- Directed by: Géza von Radványi
- Written by: Henri Jeanson Jean Ferry Paul Andréota
- Based on: It Can't Always Be Caviar by Johannes Mario Simmel
- Produced by: Artur Brauner
- Starring: O.W. Fischer Eva Bartok Senta Berger
- Cinematography: Friedl Behn-Grund Göran Strindberg
- Edited by: Walter Wischniewsky
- Music by: Rolf A. Wilhelm
- Production companies: CCC Film Comptoir d'Expansion Cinématographique
- Distributed by: Europa-Filmverleih
- Release date: 18 October 1961;
- Running time: 106 minutes
- Countries: France West Germany
- Language: German

= It Can't Always Be Caviar =

1961 film

It Can't Always Be Caviar (German: Es muss nicht immer Kaviar sein) is a 1961 French-West German comedy thriller film directed by Géza von Radványi and starring O.W. Fischer, Eva Bartok and Senta Berger. It was shot at the Spandau Studios in West Berlin. The film's sets were designed by the art directors Hertha Hareiter and Otto Pischinger. It is based on the 1960 novel of the same title by the Austrian writer Johannes Mario Simmel. It was followed be a sequel film This Time It Must Be Caviar, released later the same year. In 1977 a television adaptation of the novel was produced.

==Synopsis==
In 1939 before the outbreak of the Second World War, half-German London bank clerk Thomas Lieven travels to Berlin on a business trip. While there he is recruited by the Abwehr, who mistakenly believe he is already working for British intelligence and wish him to be a double agent.

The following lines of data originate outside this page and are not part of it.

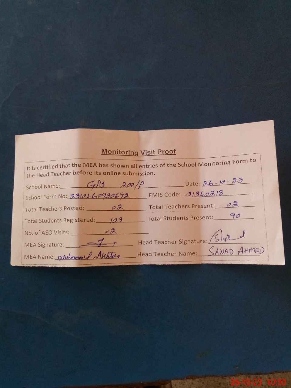 | Monitoring Date: 26-10-2023 | Start Time: 26-10-2023 09:30 AM | End Time: 26-10-2023 10:00 AM | Name of MEA: Mu**** Ak**** | |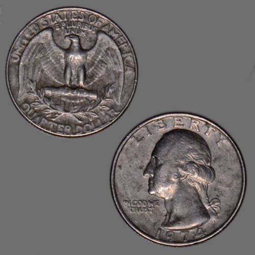 USA Quarter dollar 1974 Washington Quarter Coin - Obverse IN GOD WE TRUST / LIBERTY - Reverse E PLURIBUS UNUM / QUARTER DOLLAR / UNITED STATES OF AMERICA - Copper-Nickel plated Copper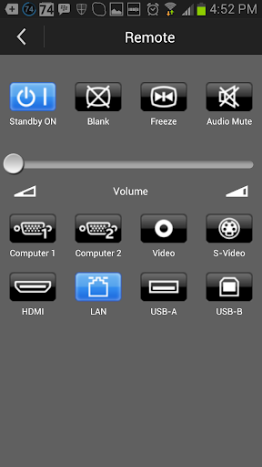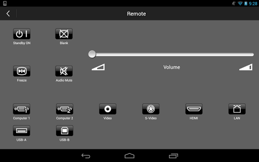 • Control projector: Standby/ On, Audio Mute, Blank and Freeze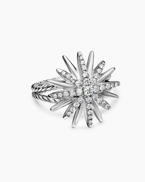 Starburst Ring Sterling Silver with Diamonds, 19mm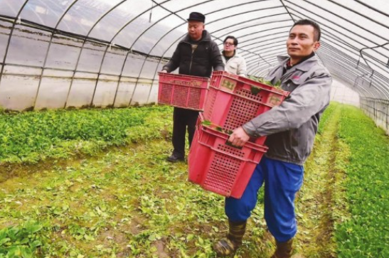 寒流侵袭气温骤降,连日来上海市郊农民顶风冒雨及时抢收部分耐寒性较差的蔬菜,同时为大田蔬菜覆盖防寒保温材料,把寒潮对绿叶菜收成的影响降到最低,许多菜农纷纷增加了蔬菜等农产品的运输和储备量,确保低温雨雪天气中蔬菜的供应和市场的稳定飞图为昨天下午宝山现代农业园区的农民在抢收菠菜飞。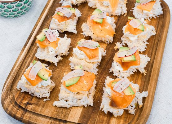 4Sur la gaufre chaude, étaler un peu de fromage frais ou une sauce (optionnel : mélange de fromage blanc, citron et ciboulette). Ajouter de l’avocat, les radis et les tranches de Saumon Fumé sur le dessus. Parsemer de graines de sésame et déguster immédiatement.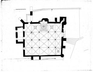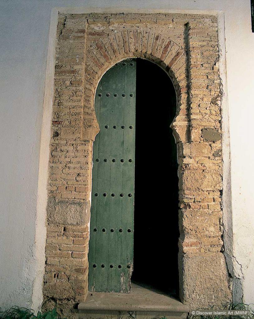 The structure of the mosque, built in the second half of AH 6th century / AD 12th century and consecrated for Christian worship after the Reconquista is still perfectly legible in this record. It shows a church with five aisles, each with its own pitched roof. Still remaining of this structure are the outside walls and four small doors (three opening onto the former courtyard and another to the outside) in which the slightly stilted horseshoe arch is framed by an alfiz (decorative rectangular surround).

Back in England he reveals what has taken place and joins their organisation. Sent to Paris he also finds himself recruited by the French secret service. Matters escalate further when war breaks out and in 1940 German forces advance on Paris.

==Cast==
- O.W. Fischer as Thomas Lieven
- Eva Bartok as Vera
- Senta Berger as Chantal
- Geneviève Cluny as Mimi Chambert
- Jean Richard as Oberst Siméon
- Geneviève Kervine as Nancy
- Viktor de Kowa as Loos
- Werner Peters as Feldwebel Zumbusch
- Wolfgang Reichmann as Dr. Hofbauer
- Fritz Tillmann as General von Felseneck
- Karl Schönböck as Lovejoy
- Peter Carsten as Bastian
- Günter Meisner as Redner auf Platz
- Hans W. Hamacher as Kommissar Denis
- Werner Finck as Dr. Beck
- Axel von Ambesser as Narrator

==Bibliography==
- Elsaesser, Thomas & Wedel, Michael . The BFI companion to German cinema. British Film Institute, 1999.
- Jacobsen, Wolfgang. Käutner. Spiess, 1992.